START RECORD EXCERPTS

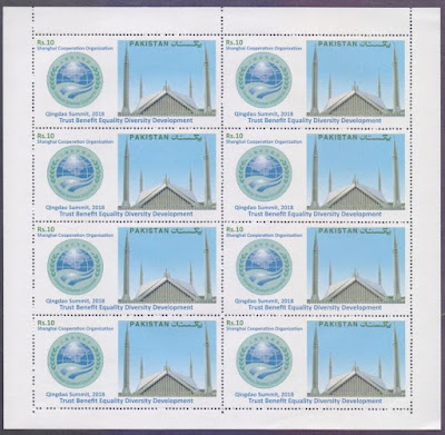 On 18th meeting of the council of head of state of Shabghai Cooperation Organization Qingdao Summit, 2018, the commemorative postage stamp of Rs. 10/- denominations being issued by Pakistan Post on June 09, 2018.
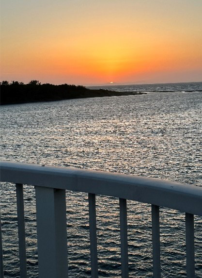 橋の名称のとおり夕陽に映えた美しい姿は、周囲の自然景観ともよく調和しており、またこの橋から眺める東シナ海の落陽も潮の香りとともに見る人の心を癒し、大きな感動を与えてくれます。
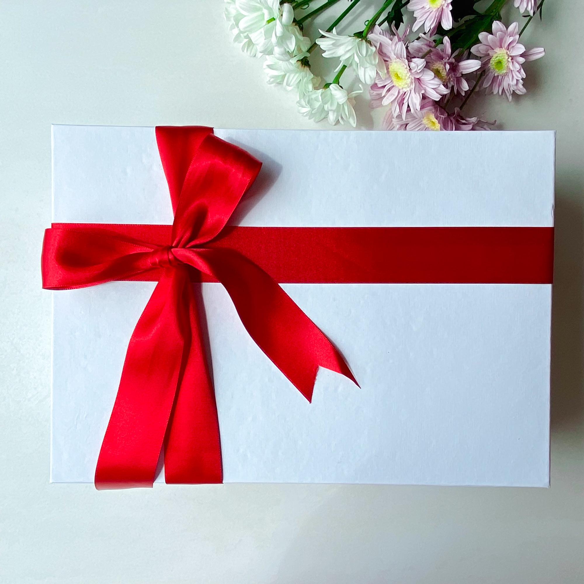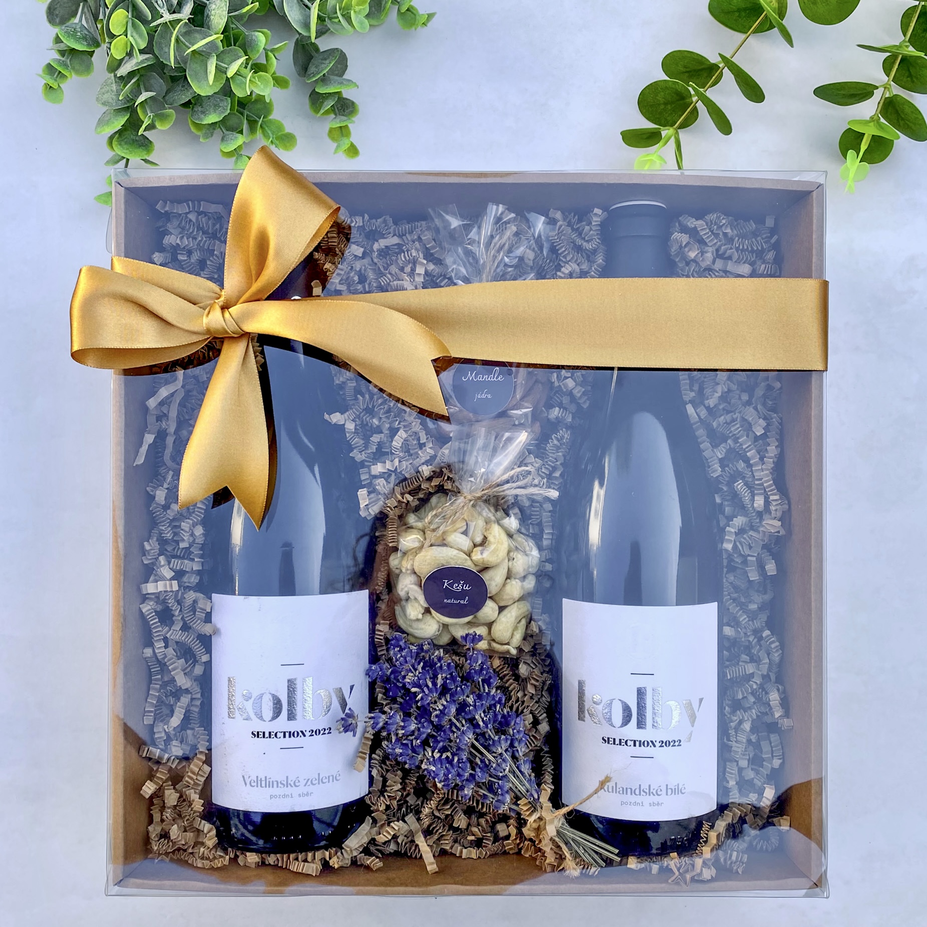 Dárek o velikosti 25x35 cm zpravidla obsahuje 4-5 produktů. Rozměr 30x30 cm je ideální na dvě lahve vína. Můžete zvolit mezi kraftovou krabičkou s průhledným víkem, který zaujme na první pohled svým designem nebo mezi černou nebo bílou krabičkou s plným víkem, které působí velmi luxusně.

END RECORD EXCERPTS
START RECORD EXCERPTS

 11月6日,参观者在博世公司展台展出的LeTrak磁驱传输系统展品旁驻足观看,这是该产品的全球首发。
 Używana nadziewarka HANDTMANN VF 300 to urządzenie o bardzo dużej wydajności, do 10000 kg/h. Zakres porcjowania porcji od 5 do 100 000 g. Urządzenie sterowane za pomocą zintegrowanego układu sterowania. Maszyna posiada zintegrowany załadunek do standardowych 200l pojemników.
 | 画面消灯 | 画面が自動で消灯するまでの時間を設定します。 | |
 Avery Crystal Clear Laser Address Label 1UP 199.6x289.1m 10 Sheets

END RECORD EXCERPTS
START RECORD EXCERPTS

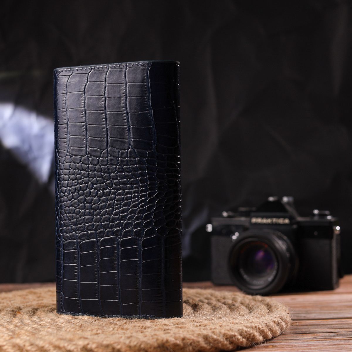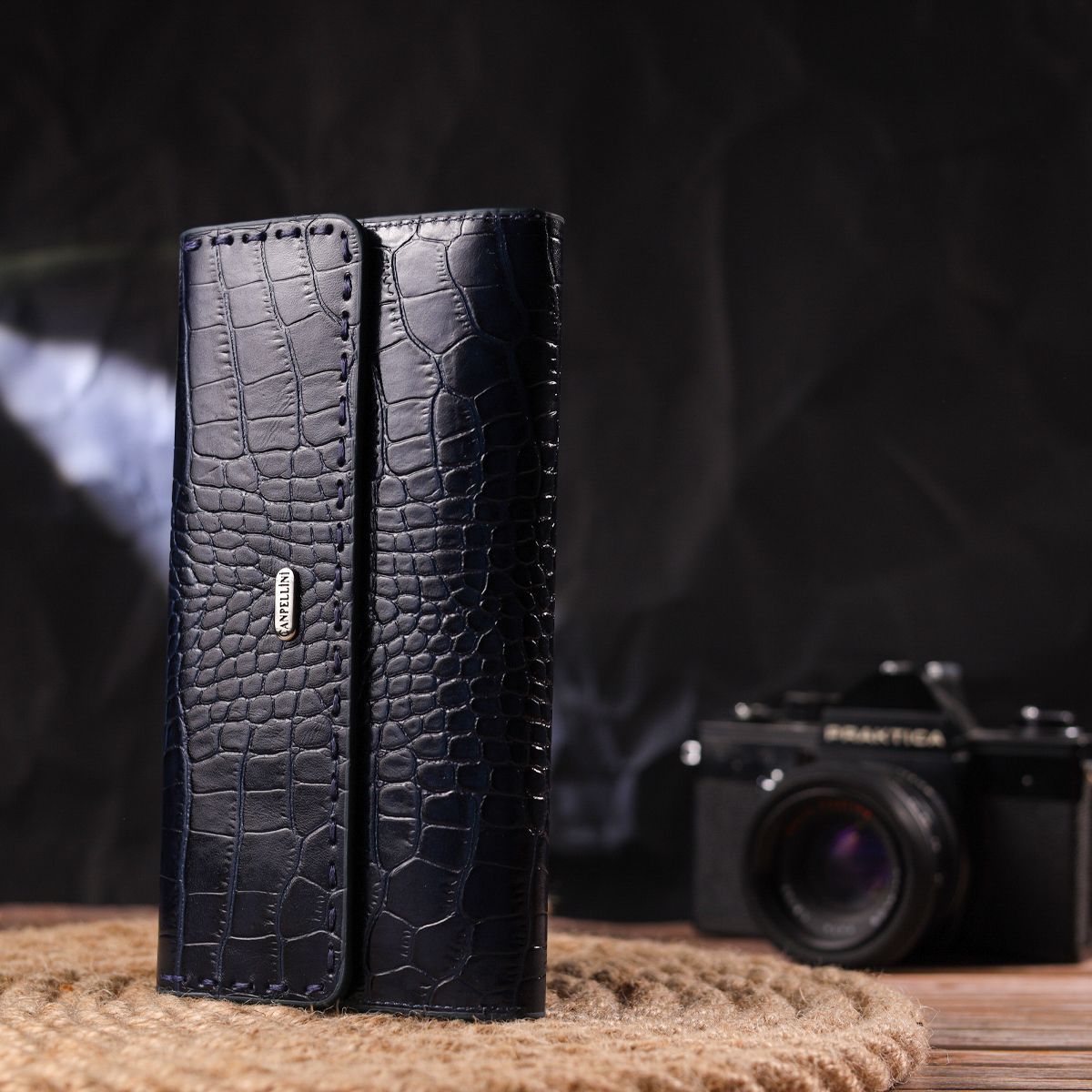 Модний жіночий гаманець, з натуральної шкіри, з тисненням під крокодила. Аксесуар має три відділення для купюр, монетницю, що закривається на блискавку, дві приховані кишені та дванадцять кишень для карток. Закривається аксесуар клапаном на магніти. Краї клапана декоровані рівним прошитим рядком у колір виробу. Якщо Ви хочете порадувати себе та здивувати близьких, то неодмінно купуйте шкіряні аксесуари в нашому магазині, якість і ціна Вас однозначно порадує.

END RECORD EXCERPTS

WHAT YOU NEED TO DO:
Using the data above, retype exactly and only the lines from the one containing "On 18th meeting" up to and including the one containing "橋の名称のとおり夕陽に映えた", with no pictures carried over.

FINISHED TASK:
 On 18th meeting of the council of head of state of Shabghai Cooperation Organization Qingdao Summit, 2018, the commemorative postage stamp of Rs. 10/- denominations being issued by Pakistan Post on June 09, 2018.
 橋の名称のとおり夕陽に映えた美しい姿は、周囲の自然景観ともよく調和しており、またこの橋から眺める東シナ海の落陽も潮の香りとともに見る人の心を癒し、大きな感動を与えてくれます。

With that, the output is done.